I am learning the electric bass at the moment and have a funk band with some colleagues called ‘Funk Tank’. I love the voluptuous tactile sensuality of baking sourdough bread at the weekend for the family and then seeing my boys devour it, and I also particularly love the rush of skimming over water in a sailing boat; I also had a Laser for many years. I have always read prolifically and am currently engrossed in Camille Paglia’s latest masterpiece of sardonic spicy wit and fierce intellectual courage, Provocations and an unexpected find, the gem, The Peregrin by J.A. Baker.I also enjoy picturesque and windy ‘green-laning’ on my Royal Enfield Classic motorcycle when I have free time.
How do you think that amateur music groups can best move forward from the pandemic?
Things are beginning to look more positive after some very worrying months.I have colleagues who have lost the majority of their teaching and performing income and the creative industries have been savagely decimated, at least in the short term, by this pandemic. Honestly,I believe that an effective vaccine is the only long-term solution. As musicians we need to find creative and innovative ways to continue to come together to make music.

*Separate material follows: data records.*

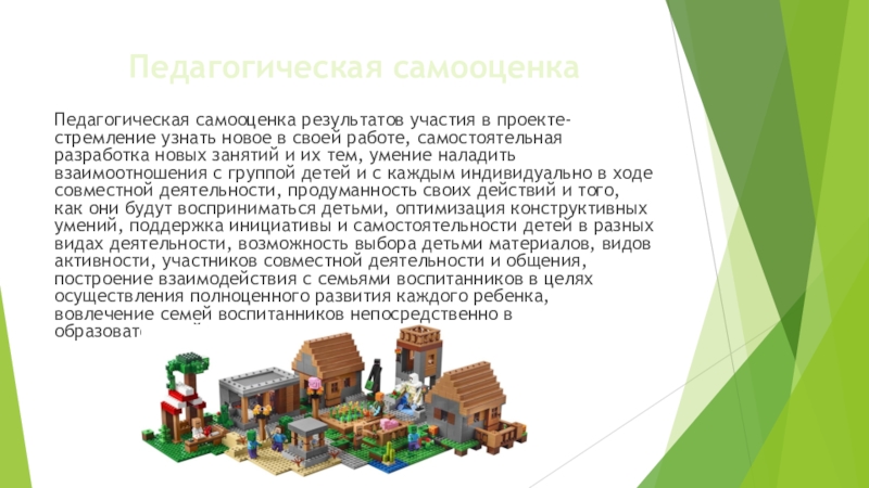 в своей работе, самостоятельная разработка новых занятий и их тем, умение наладить взаимоотношения с группой детей и с каждым индивидуально в ходе совместной деятельности, продуманность своих действий и того, как они будут восприниматься детьми, оптимизация конструктивных умений, поддержка инициативы и самостоятельности детей в разных видах деятельности, возможность выбора детьми материалов, видов активности, участников совместной деятельности и общения, построение взаимодействия с семьями воспитанников в целях осуществления полноценного развития каждого ребенка, вовлечение семей воспитанников непосредственно в образовательный процесс.
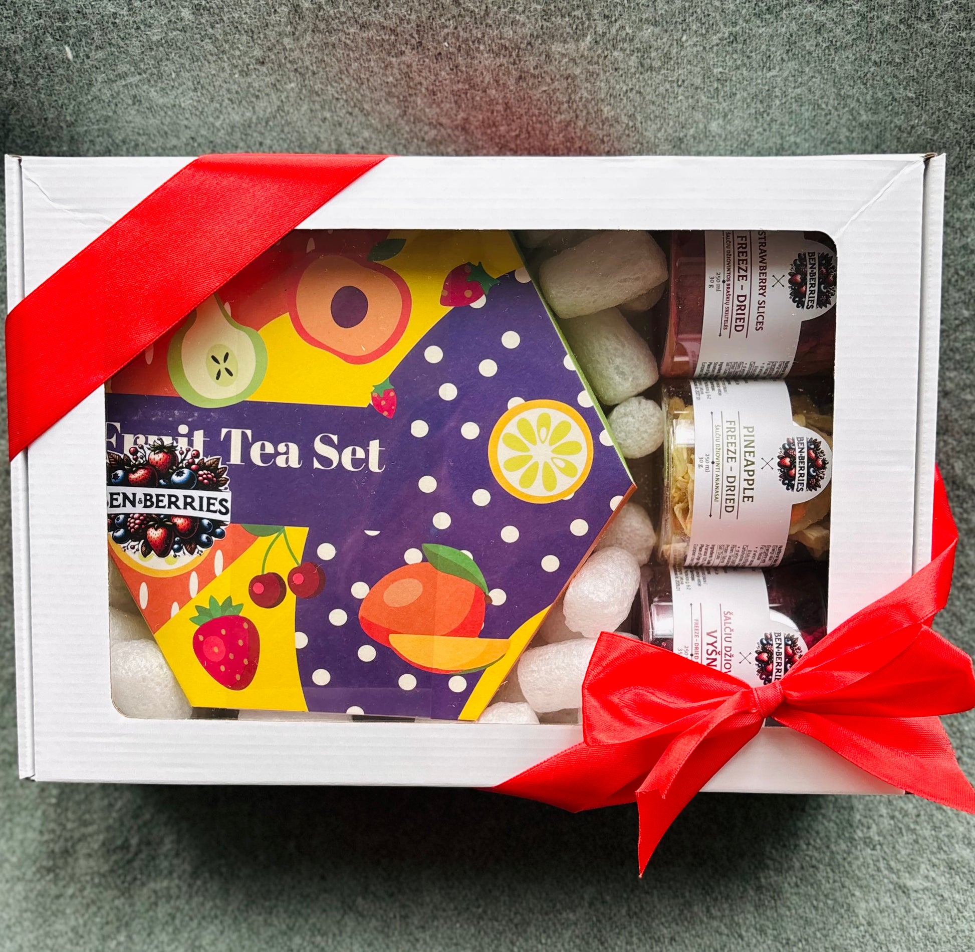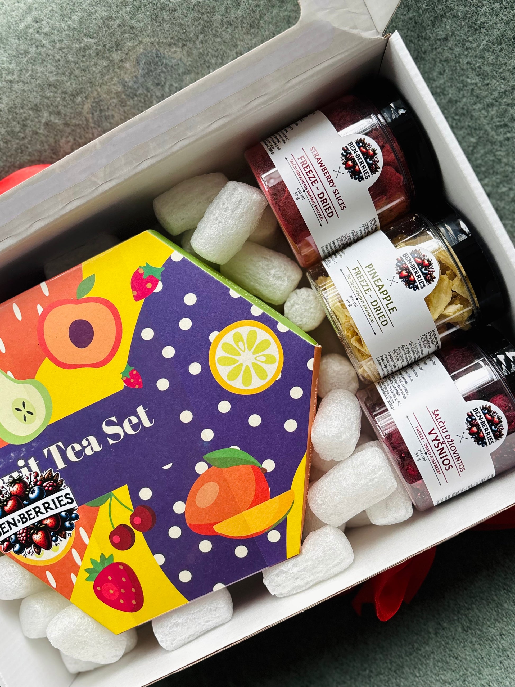 Čia susitinka elegantiškas prabangus vaisinės arbatos rinkinys ir mūsų ryškiausi, šaltyje džiovinti vaisiai.
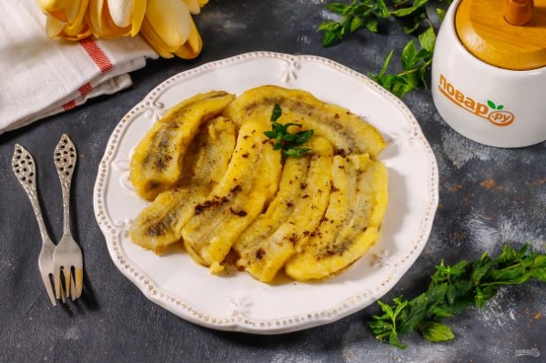 Выложите жареные бананы на тарелку и присыпьте щепоткой корицы, это по желанию. Можно полить шоколадным топингом, сиропом. Подайте блюдо к столу.

Currently, string playing seems to be definitely possible and we are planning a string programme for the coming season with the CPSO.I have also seen some promising studies recently that indicate wind and brass players may also soon be safely included, so I remain positively optimistic.
Speaking as an experienced teacher – as Head of Strings at Bedford School – would you say that music education in the UK looks to be in a healthy or somewhat precarious state at present?
Definitely precarious! Very precarious! The government and councils have made drastic and exponential cuts to the funding for state schools, orchestras, ballet and opera companies, galleries, theatres and most alarmingly in education, across the board in all the arts, for more than 20 years now. Orchestras, opera and ballet companies, art galleries and theatres simply do not make a profit without huge subsidies and private sponsorship. Unfortunately, in our increasingly fast-paced world, classical art is poorly supported by the mainstream media. I remain very positive about the fantastic work, generosity of spirit, integrity and musical passion thatI find working with children and also amateur orchestras where music is made for music’s sake.
Your great-grandfather, British composer Sir Granville Bantock, was a prolific writer whose works are performed at the Proms. He was a friend of Elgar and Sibelius and he played a major role in the formation of the City of Birmingham Orchestra – the immediate precursor of the CBSO. Do you think that your newest charges, the CPSO, will be bringing any of your great-grandfather’s music to life with you as their Maestro?
Sir Granville also invited Sibelius to the UK as he was so impressed with his music and Sibelius dedicated his 3rd Symphony to Bantock, who was then Principal of the Birmingham Conservatoire (but you can read all this on Google…). To be honest, I always tried not to ‘ride on any coat tails’ whilst at music college not performing any of the Bantock works for ‘cello and preferred to find eclectic concertos and sonatas that were not being performed by my peers. As a conductor though, I have performed the Hebridean and Pagan Symphonies and Prometheus Unbound. I would love to do the epic and magnificent Song of Songs for Orchestra, Choir and Soloists and there are a considerable number of large-scale symphonic works which the CPSO might be tempted to try. I do prefer, however, for the choice of repertoire to be a collaborative process with programs that meet the needs of the musicians involved with stimulating and varied surprises along the way.